RTO valuations where the registration itself is the asset being priced.
For RTO sales and purchases, shareholder exits, related-party transfers, CGT concession claims, restructures and disputes. Methodology that gates value on ASQA standing, scope, funding contracts and CRICOS exposure before a single dollar of earnings is capitalised — for owners and their advisers.
An RTO valuation must be regulatory-first and earnings-second, because the registration is the business: ASQA standing and re-registration timing, the qualifications on scope, state funding contracts and any CRICOS registration gate the value before maintainable earnings are capitalised. Prismi prepares evidence-led RTO valuations for sales, shareholder exits, related-party transfers, CGT concession claims and disputes, concluding at the most supportable position within a defended range.
When an RTO valuation is required
An RTO valuation is required for a sale or purchase, a shareholder or partner exit, a related-party transfer, a small business CGT concession claim, a restructure, a family law property settlement, or a bank finance review — any point where the price of the registered entity has to be evidenced rather than asserted. Strip away the registration under the National Vocational Education and Training Regulator Act 2011 and what remains is a brand, some content and a student database that cannot lawfully issue a qualification — which is why the first question in an RTO file is standing, not earnings. The basis of value is market value under IVS 104 and the Spencer willing-but-not-anxious principle for tax and dispute purposes, and the conclusion has to survive whoever reviews it: the other side's accountant, a lender's credit team, a family law expert conclave, or the ATO. Prismi prepares the independent valuation; the RTO's own tax and legal advisers apply it — Prismi is not a registered tax agent and does not provide tax, legal or financial advice.
- ·Sale or purchase of an RTO, including price-testing a broker's information memorandum before contract
- ·Shareholder, unitholder or partnership entry and exit
- ·Related-party transfer of the registered entity between family entities, where the market value substitution rule in s 116-30 can override the price the parties chose
- ·Small business CGT concession claims on exit (Div 152, including the s 152-40 active asset test)
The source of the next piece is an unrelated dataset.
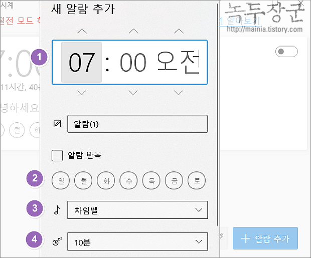 ▼ 새 알람 추가 창에서는 알람 시간과 이름, 반복 여부, 벨 종류, 재 알람 간격을 지정합니다.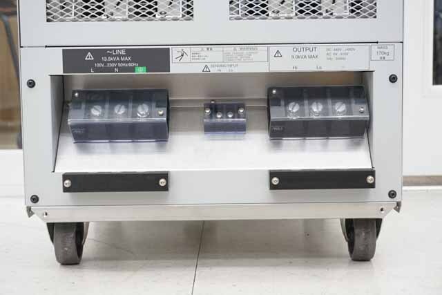 TypeR 回生・逆潮流対応モデル 【AC/DCモード、信号源】AC/DCモード:AC・ACDC・DC、信号源:INT・VCA・SYNC・EXT・ADD、【交流出力】電力容量:9kVA、相:単相2線、定格出力電圧:100V/200V、相電圧設定:0.0V~160.0V/0.0V~320.0V、最大電流:90A/45A、周波数設定範囲:40.00Hz~550.00Hz(ACモード)、【直流出力】電力容量:9kW、定格出力電圧:100V/200V、電圧設定範囲:-227.0V~+227.0V/-454.0V~+454.0V、最大ソース電流:90A/45A、【その他】計測機能あり、表示:5.7インチLCDモニタ、USB/RS-232C/GPIB/LAN、PA-001-1722/PA-001-1723/PA-001-1724/PA-001-0725

- ·Restructures under Subdiv 328-G and Division 7A compliance where loans sit between entities
- ·Family law property settlements, estate and succession planning
- ·Bank finance and lender security reviews where the business value sits behind the facility
The registration is the business: ASQA standing as the first value gate
Registration under the NVR Act is granted to a specific legal entity for a fixed term — up to seven years — and every provider's status, scope and expiry date is public on training.gov.au. That makes ASQA standing the cheapest due diligence a buyer will ever do and the first thing a sceptical reviewer checks against the report. A valuation dated inside the renewal window has to address the renewal explicitly: ASQA must receive a renewal application at least 90 days before the registration expires, renewal triggers a performance assessment, and a provider with an adverse compliance history approaches that assessment carrying real risk. Conditions on registration, ASQA audit findings and rectification history, past suspensions or regulatory decisions, and the provider's transition to the revised Standards for RTOs that commenced on 1 July 2025 — the Outcome Standards, Compliance Requirements and Credential Policy — all belong in the working file, because each one moves the supportable position. The discipline is regulatory-first, earnings-second: a strong EBITDA capitalised on a registration that is conditioned, near expiry with a weak audit trail, or under regulatory action is not a supportable position, it is a number waiting to collapse. Where standing is genuinely in doubt, the report says so and prices it — through the capitalisation rate, a conditions-precedent framing, or in an extreme case a conclusion that transferable enterprise value is minimal.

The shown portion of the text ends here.